2 Kings 22 and 2 Chronicles 34.
Josiah. Judah’s last good king. And he was very good.
Josiah DID what was right in the eyes of the LORD. He WALKED in the ways of David, his father. He DID NOT turn aside to the right or the left. In the eighth year of his reign (at 16), he began to SEEK the God of David, his father. In the twelfth year of his reign (age 20), he began to PURGE and CLEANSE Judah and Jerusalem of all the idols.
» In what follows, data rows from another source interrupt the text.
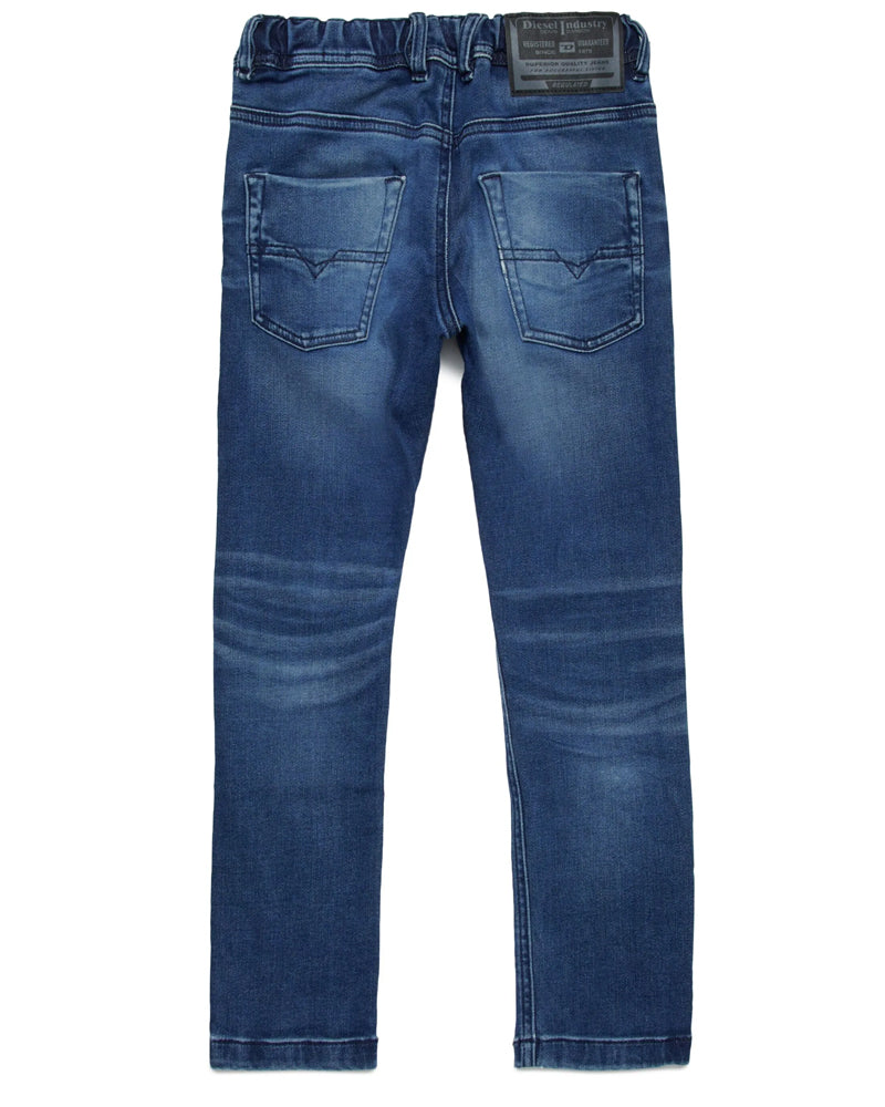 Jeans skinny con coulisse in vita e lavaggio a metà. Caratterizzati da un effetto baffi, taglio magro e cinque tasche classiche.
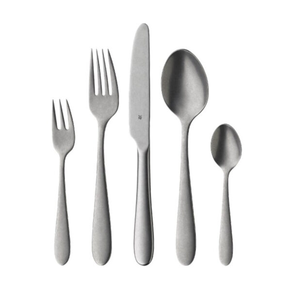 Setul de tacâmuri Sara Stone – 30 piese pentru 6 persoane | WMF îmbină un design atemporal cu un finisaj mat modern, potrivit pentru orice tip de amenajare. Datorită mânerelor late, ergonomice, oferă o prindere confortabilă și o experiență plăcută la masă.
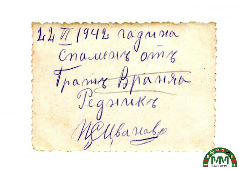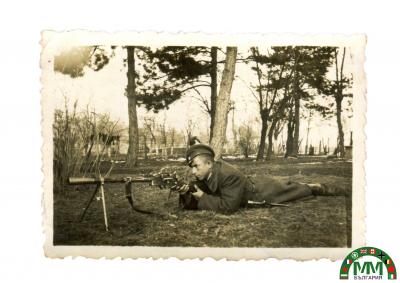 Cette photographie argentique sur papier montre un soldat de l’armée bulgare en position de tir couché, utilisant un fusil-mitrailleur Madsen monté sur bipied. Le soldat porte l’uniforme de campagne bulgare de la Seconde Guerre mondiale, composé d’une tunique sombre et d’une casquette militaire à visière. L’arme est tenue en position de tir, équipé d’un bipied avant permettant le tir stabilisé depuis le sol. Une sangle d’arme est également visible sous le boîtier. La scène se déroule en extérieur, dans un environnement boisé ou de terrain d’entraînement. Le fusil-mitrailleur Madsen, conçu au Danemark à la fin du XIX? siècle, est l’un des premiers fusils-mitrailleurs légers utilisés par de nombreuses armées à travers le monde. L’armée bulgare a utilisé cette arme pendant les guerres balkaniques, la Première Guerre mondiale et encore au début de la Seconde Guerre mondiale. Cette photographie de 1942 montre l’utilisation tardive de cette arme dans l’armée bulgare, probablement dans un cadre d’instruction ou d’entraînement militaire.

In the eighteenth year of his reign (age 26) he began to REPAIR the House of God.
Like I said, Josiah was a very good king.
During the cleaning, the priest, Hilkiah, found the Book of the Law. (How long had it been buried under the trash and filth?) It was brought and read to King Josiah by Shaphan, the secretary. (Most likely this was the book of Deuteronomy.)
When King Josiah heard the words of the Law … he TORE his clothes (in distress and grief). He COMMANDED the priest to go and INQUIRE of the LORD for him and all Judah, concerning the words of the Law he’d heard.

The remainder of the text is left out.